**Exercise goal:** Scan the data. Collect each line that contains the word "ganzen".

-- -- --

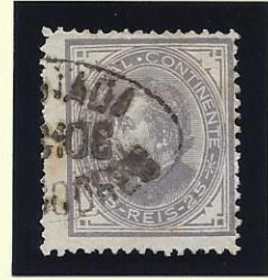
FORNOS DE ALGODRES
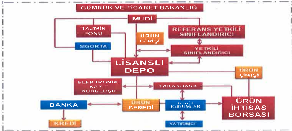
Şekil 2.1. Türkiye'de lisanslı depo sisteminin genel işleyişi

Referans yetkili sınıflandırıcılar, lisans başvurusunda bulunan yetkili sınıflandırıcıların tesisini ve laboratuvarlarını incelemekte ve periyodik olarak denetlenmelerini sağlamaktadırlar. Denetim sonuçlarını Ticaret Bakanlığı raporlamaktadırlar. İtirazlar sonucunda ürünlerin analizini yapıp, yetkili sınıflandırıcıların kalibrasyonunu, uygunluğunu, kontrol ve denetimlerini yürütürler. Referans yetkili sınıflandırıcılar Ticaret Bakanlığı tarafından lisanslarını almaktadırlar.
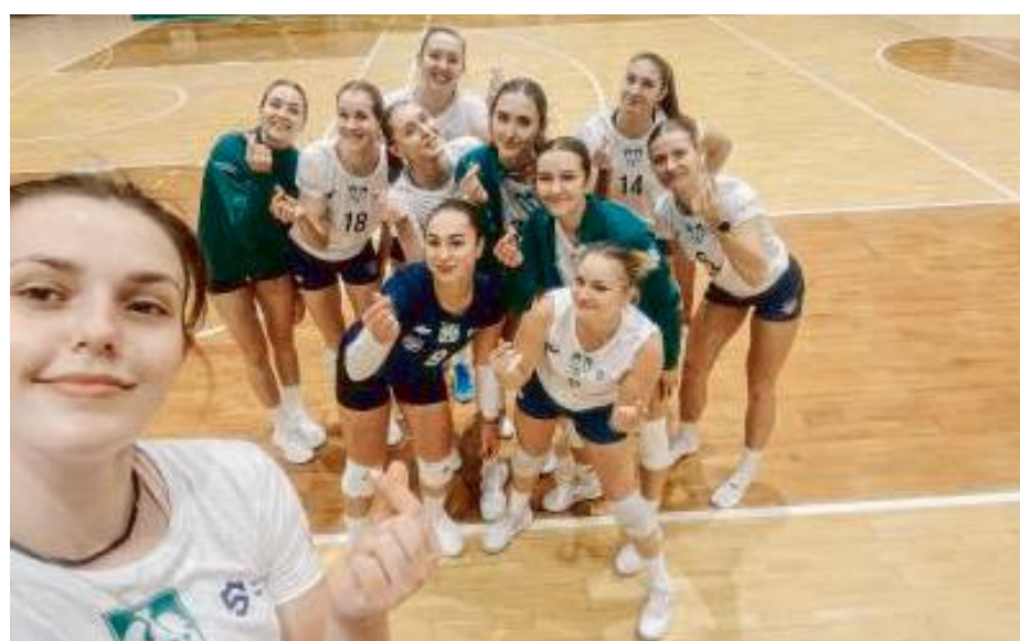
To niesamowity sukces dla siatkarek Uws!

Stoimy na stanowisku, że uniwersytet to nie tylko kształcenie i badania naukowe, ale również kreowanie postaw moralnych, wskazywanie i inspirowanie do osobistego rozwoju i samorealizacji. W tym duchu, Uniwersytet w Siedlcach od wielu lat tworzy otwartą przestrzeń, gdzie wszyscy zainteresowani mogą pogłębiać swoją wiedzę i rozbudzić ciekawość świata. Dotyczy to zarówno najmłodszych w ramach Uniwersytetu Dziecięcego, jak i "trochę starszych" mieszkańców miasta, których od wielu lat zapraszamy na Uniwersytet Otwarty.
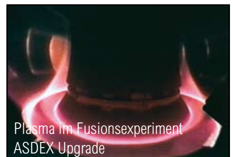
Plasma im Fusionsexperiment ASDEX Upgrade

-- -- --

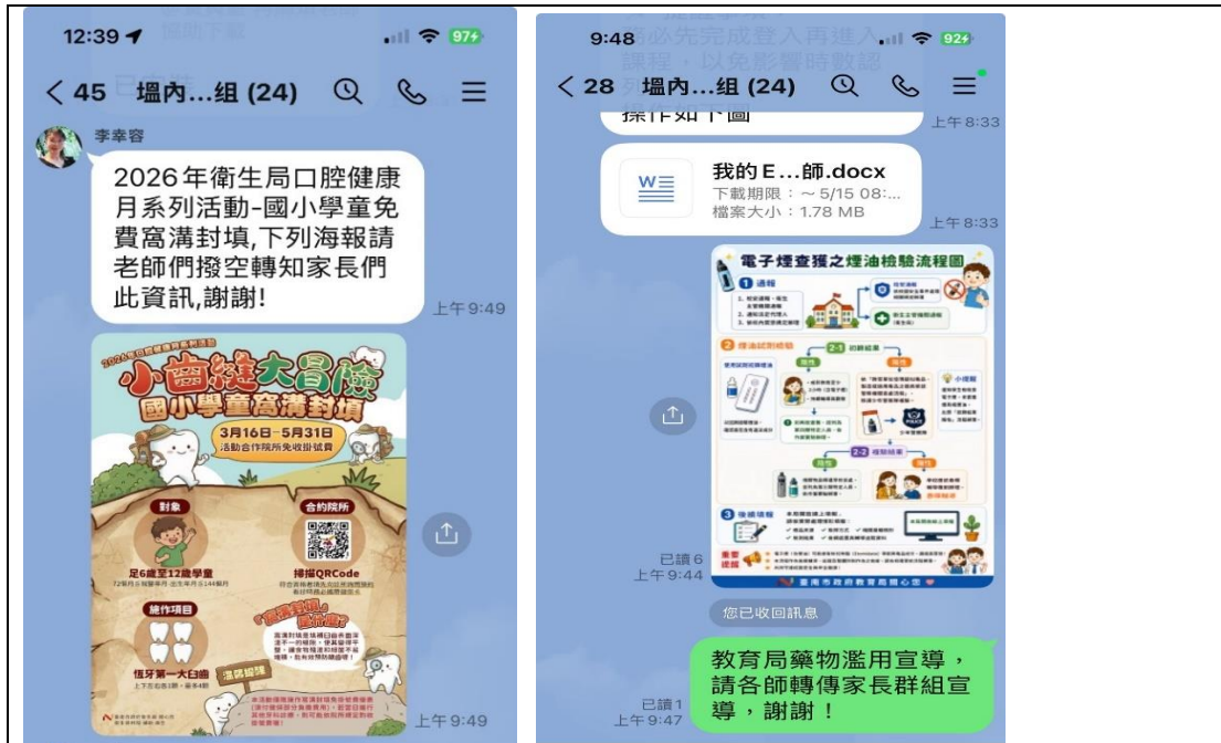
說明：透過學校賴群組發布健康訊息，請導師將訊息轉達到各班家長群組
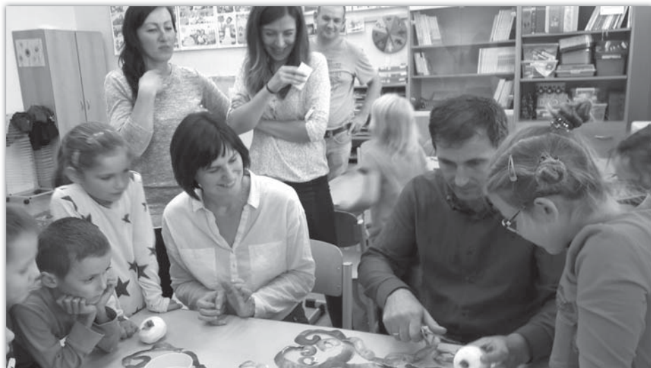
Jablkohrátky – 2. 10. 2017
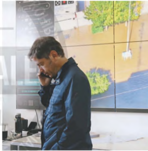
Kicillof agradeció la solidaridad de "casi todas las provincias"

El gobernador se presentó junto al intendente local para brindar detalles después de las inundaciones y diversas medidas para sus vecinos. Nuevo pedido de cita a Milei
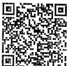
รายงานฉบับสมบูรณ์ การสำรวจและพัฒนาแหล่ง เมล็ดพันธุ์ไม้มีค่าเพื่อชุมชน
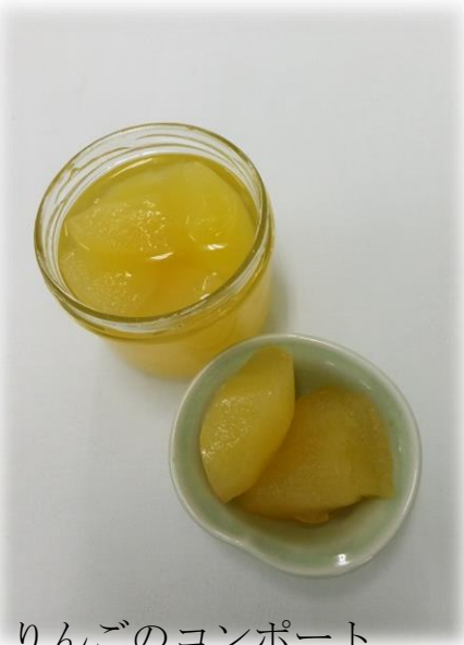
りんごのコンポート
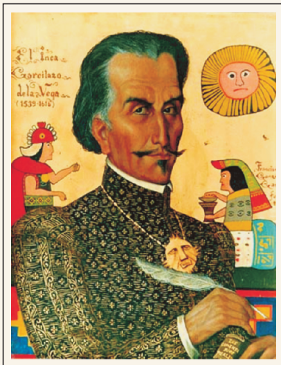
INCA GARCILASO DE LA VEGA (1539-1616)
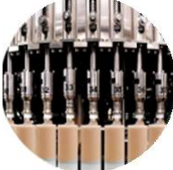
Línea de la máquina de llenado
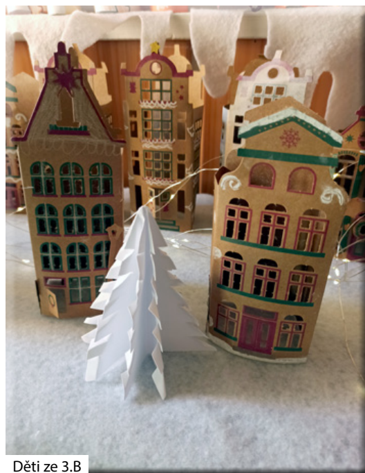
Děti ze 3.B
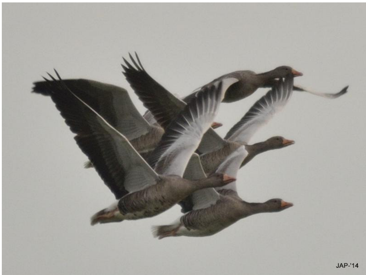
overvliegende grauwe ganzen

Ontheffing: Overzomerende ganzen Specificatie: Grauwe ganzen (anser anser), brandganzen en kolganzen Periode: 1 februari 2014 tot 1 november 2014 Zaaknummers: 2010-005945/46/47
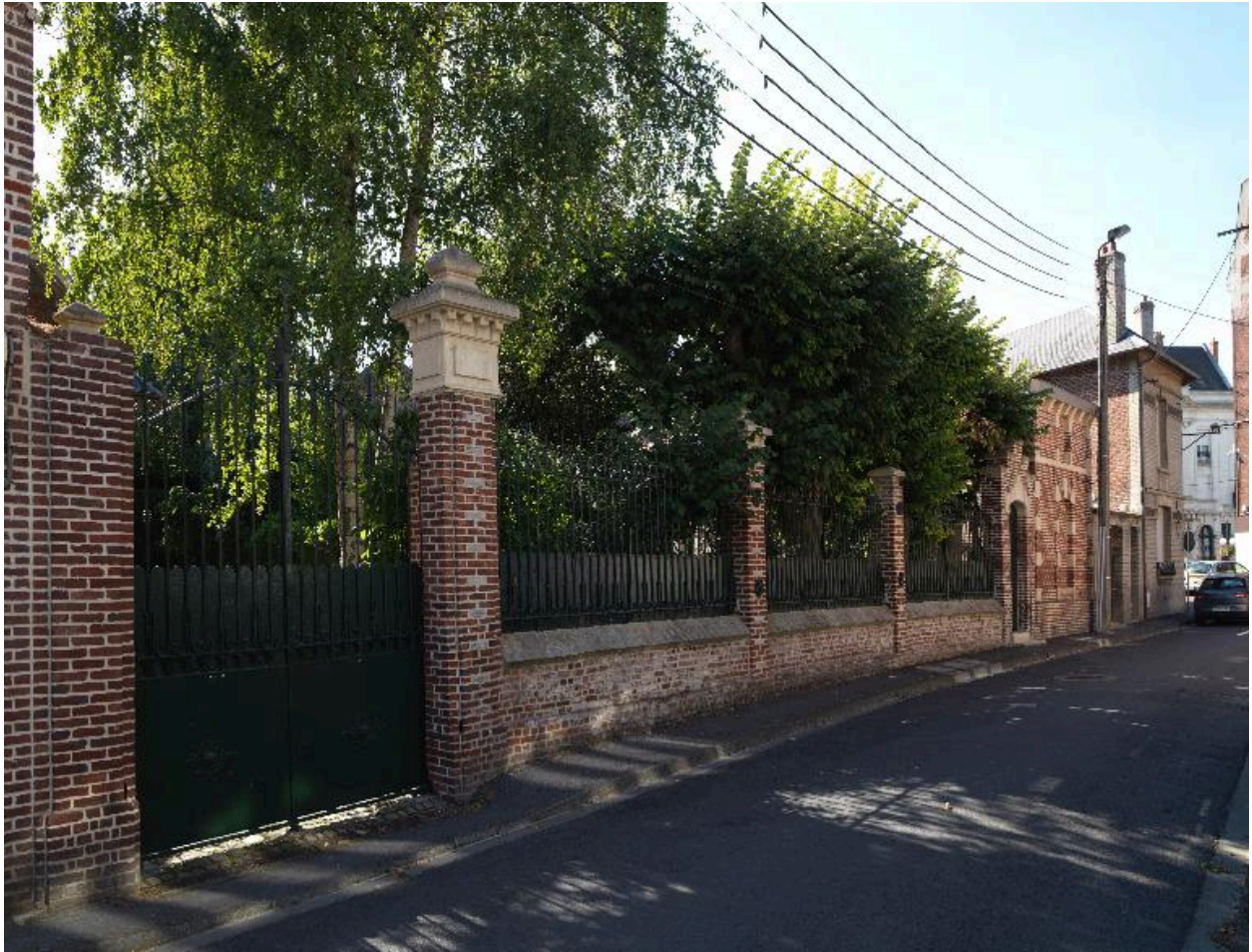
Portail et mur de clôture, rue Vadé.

-- -- --

**Response:**
overvliegende grauwe ganzen
Ontheffing: Overzomerende ganzen Specificatie: Grauwe ganzen (anser anser), brandganzen en kolganzen Periode: 1 februari 2014 tot 1 november 2014 Zaaknummers: 2010-005945/46/47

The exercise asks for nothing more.